Since the beginning, the CIA has been suspected of involvement. After the incident, Ali Kocaman, chair of the trade union Oleyis, stated that police officers and Americans had been in the Sheraton (later known as the Intercontinental) Hotel that had been closed to the public for that day. Bülent Uluer, the then Secretary General of the Revolutionary Youth Federation (Devrimci Gençlik) said on 2 May 1977: "Most victims were among us. About 15 of our friends died. This was a plan of the CIA, but not the beginning nor the end. To solve these incidents, one has to look at it from the angle."

Former Turkish prime minister Bülent Ecevit recalled he had learned of the existence of Counter-Guerrilla, the Turkish "stay-behind" armies for the first time in 1974. At the time, the commander of the Turkish army, General Semih Sancar, had allegedly informed him the US had financed the unit since the immediate post-war years, as well as the National Intelligence Organization (Millî İstihbarat Teşkilâtı, MIT). Ecevit declared he suspected Counter-Guerrilla's involvement in the 1977 Taksim Square massacre in Istanbul, The next year, the demonstrators were met with bullets. According to Ecevit, the shooting lasted for twenty minutes, yet several thousand policemen on the scene did not intervene. This mode of operation recalls the June 20, 1973 Ezeiza massacre in Buenos Aires, when the Argentine Anticommunist Alliance (aka Triple A), founded by José López Rega (a P2 member), opened up fire on the left-wing Peronists.
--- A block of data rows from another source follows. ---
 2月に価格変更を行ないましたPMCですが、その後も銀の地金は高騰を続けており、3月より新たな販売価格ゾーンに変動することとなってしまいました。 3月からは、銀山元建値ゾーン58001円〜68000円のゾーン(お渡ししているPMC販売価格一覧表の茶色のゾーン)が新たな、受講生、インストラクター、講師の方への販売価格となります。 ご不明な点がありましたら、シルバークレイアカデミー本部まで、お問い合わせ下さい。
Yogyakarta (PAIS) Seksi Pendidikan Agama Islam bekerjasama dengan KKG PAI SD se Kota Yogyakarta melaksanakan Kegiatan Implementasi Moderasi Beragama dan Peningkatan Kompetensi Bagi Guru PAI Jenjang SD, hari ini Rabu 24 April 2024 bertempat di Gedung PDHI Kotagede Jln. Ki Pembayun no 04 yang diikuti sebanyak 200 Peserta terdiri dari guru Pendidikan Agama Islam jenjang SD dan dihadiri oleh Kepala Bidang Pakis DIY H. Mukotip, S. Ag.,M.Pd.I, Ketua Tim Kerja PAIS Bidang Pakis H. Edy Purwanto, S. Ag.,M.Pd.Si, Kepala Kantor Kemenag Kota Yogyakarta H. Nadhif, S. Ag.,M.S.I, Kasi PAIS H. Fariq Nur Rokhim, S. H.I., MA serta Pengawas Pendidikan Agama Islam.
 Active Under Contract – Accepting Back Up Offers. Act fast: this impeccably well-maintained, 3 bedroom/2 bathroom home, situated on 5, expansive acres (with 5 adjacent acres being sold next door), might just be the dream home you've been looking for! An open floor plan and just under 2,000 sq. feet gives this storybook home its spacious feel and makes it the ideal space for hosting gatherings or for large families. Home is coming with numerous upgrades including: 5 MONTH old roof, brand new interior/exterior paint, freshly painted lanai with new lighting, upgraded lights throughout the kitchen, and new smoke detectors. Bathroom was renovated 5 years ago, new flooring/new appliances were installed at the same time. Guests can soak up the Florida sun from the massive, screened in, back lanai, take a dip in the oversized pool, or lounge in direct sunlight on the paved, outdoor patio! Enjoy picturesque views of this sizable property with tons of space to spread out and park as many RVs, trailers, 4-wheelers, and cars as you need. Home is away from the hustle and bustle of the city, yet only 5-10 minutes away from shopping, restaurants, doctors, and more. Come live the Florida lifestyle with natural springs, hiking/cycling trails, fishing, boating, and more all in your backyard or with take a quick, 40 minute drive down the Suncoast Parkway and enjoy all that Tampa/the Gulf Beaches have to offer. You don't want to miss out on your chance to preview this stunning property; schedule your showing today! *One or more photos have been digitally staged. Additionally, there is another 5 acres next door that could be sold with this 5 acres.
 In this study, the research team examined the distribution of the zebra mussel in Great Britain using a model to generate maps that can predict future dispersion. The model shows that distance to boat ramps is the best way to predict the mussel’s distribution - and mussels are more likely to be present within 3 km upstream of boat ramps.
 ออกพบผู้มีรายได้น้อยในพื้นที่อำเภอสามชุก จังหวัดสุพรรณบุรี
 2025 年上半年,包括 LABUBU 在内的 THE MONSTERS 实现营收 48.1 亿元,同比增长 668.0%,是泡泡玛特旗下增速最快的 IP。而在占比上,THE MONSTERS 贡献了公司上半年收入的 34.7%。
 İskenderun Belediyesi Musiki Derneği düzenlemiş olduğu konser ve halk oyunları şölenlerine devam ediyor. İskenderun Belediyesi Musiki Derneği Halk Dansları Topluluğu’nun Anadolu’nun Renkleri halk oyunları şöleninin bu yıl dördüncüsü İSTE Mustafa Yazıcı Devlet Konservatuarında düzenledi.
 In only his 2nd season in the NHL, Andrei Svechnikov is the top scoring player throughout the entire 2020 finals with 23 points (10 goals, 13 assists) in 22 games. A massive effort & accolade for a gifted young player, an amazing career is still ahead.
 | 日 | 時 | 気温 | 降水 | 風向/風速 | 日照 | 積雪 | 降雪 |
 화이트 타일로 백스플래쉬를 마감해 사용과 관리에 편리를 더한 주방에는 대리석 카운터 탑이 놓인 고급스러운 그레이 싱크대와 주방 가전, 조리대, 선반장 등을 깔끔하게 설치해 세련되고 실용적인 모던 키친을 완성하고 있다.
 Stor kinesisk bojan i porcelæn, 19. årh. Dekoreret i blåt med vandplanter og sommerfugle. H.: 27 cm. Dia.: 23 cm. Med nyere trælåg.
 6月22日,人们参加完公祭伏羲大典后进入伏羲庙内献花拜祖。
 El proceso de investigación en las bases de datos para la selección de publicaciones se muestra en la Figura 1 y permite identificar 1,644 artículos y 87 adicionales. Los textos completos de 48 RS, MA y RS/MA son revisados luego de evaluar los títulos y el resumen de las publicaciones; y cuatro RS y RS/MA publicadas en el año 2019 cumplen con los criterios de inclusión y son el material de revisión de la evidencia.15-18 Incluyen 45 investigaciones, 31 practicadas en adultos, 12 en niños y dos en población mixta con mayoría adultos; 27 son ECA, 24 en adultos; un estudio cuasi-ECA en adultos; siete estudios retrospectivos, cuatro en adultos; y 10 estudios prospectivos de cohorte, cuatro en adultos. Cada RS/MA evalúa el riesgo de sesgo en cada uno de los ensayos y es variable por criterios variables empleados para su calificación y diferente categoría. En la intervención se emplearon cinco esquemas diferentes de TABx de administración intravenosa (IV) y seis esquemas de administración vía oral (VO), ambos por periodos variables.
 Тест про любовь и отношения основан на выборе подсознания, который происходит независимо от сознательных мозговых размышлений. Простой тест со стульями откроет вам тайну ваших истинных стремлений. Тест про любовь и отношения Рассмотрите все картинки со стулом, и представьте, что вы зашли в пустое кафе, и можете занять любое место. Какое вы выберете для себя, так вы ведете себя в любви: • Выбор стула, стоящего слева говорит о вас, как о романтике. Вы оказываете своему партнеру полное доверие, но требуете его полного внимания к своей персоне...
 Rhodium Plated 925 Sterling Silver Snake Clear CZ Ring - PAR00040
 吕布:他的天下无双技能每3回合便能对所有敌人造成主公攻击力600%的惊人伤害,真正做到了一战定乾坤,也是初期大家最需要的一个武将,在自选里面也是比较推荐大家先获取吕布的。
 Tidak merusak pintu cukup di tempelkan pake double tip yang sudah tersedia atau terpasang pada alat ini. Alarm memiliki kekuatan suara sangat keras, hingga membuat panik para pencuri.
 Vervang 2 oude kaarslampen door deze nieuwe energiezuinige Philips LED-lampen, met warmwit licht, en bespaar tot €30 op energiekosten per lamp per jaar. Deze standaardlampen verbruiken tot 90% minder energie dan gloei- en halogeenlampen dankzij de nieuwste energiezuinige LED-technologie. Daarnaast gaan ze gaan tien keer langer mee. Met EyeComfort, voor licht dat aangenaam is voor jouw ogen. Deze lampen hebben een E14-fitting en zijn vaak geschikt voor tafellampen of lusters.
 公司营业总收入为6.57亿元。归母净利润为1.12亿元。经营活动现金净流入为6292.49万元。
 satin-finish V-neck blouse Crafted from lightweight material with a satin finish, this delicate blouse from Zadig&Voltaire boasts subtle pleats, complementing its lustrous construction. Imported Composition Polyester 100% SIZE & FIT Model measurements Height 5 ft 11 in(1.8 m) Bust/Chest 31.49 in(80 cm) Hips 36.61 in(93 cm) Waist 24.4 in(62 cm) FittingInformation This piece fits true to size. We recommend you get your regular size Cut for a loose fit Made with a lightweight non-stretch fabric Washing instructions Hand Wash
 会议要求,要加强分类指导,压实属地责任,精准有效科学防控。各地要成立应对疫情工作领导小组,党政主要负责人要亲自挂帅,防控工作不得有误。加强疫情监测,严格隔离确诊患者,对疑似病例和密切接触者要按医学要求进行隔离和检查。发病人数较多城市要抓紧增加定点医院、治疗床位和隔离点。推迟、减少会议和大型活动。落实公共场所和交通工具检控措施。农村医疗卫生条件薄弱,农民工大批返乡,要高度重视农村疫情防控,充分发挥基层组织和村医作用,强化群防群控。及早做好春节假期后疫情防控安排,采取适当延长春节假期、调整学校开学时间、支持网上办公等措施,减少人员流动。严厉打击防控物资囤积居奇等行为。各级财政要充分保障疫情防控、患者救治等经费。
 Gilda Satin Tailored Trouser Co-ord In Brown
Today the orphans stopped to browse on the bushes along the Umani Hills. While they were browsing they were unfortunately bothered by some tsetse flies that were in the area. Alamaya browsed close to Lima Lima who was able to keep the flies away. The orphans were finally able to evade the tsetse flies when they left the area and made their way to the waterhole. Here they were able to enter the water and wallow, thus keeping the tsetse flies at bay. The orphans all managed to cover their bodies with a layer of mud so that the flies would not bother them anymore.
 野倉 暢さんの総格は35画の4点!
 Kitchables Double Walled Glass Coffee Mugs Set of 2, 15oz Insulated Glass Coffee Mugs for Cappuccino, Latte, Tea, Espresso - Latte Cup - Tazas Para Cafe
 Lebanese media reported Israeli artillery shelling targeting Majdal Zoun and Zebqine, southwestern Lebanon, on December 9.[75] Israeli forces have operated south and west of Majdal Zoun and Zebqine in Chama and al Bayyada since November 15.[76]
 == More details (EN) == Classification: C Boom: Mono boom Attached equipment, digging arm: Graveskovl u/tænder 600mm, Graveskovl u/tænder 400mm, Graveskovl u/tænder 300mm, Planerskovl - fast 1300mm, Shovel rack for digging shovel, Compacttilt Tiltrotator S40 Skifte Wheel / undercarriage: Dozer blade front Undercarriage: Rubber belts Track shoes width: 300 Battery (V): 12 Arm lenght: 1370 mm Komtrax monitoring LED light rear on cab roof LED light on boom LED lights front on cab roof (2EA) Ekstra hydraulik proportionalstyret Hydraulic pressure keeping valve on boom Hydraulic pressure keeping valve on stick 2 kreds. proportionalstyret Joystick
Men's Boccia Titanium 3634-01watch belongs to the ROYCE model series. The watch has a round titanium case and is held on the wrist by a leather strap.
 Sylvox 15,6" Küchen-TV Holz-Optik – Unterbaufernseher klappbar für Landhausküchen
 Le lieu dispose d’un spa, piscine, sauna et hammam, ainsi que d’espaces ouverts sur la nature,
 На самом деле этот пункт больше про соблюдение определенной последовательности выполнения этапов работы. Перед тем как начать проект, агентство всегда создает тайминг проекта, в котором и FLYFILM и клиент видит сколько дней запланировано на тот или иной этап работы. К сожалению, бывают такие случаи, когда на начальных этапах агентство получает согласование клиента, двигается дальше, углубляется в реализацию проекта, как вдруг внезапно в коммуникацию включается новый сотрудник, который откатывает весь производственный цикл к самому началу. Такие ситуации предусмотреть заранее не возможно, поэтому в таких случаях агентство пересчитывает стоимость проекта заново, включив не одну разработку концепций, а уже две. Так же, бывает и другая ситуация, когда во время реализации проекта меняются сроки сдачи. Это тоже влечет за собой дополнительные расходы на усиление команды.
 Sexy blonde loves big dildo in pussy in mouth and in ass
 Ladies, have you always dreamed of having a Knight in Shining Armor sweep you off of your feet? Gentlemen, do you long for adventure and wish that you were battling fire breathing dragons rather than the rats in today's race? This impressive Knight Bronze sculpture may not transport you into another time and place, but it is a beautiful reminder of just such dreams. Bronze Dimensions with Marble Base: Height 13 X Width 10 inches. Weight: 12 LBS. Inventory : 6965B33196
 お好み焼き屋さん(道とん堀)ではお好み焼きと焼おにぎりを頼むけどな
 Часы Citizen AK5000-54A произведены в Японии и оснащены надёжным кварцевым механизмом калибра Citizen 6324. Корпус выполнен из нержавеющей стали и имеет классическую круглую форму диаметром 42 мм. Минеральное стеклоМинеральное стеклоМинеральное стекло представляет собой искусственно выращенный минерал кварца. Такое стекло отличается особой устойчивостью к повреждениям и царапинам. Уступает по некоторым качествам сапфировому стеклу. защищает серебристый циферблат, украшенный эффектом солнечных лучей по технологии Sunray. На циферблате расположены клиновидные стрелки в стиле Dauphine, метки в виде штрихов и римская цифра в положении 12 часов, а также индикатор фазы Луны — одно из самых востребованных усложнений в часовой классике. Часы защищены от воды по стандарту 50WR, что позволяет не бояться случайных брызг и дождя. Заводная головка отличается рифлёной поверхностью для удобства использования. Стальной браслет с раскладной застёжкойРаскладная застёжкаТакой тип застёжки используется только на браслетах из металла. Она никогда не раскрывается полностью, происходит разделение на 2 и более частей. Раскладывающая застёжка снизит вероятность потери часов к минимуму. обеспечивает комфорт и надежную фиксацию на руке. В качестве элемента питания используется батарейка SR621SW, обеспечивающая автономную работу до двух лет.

According to an article in the Kurtuluş magazine, MIT deputy chief Hiram Abas was present on the May Day massacre. (Swiss historian Daniele Ganser says that Abas was a CIA agent; the CIA's station chief in Istanbul, Duane Clarridge, spoke glowingly of him.). The Sheraton Hotel, from which the shots were fired, belonged to ITT Corporation, which had already been involved in financing the September 11, 1973 coup against Salvador Allende in Chile and was on good terms with the CIA. Hiram Abas had been trained in the US in covert action operations and as an MIT agent first gained notoriety in Beirut, where he co-operated with the Mossad from 1968 to 1971 and carried out attacks, "targeting left-wing youths in the Palestinian camps and receiving bounty for the results he achieved in actions".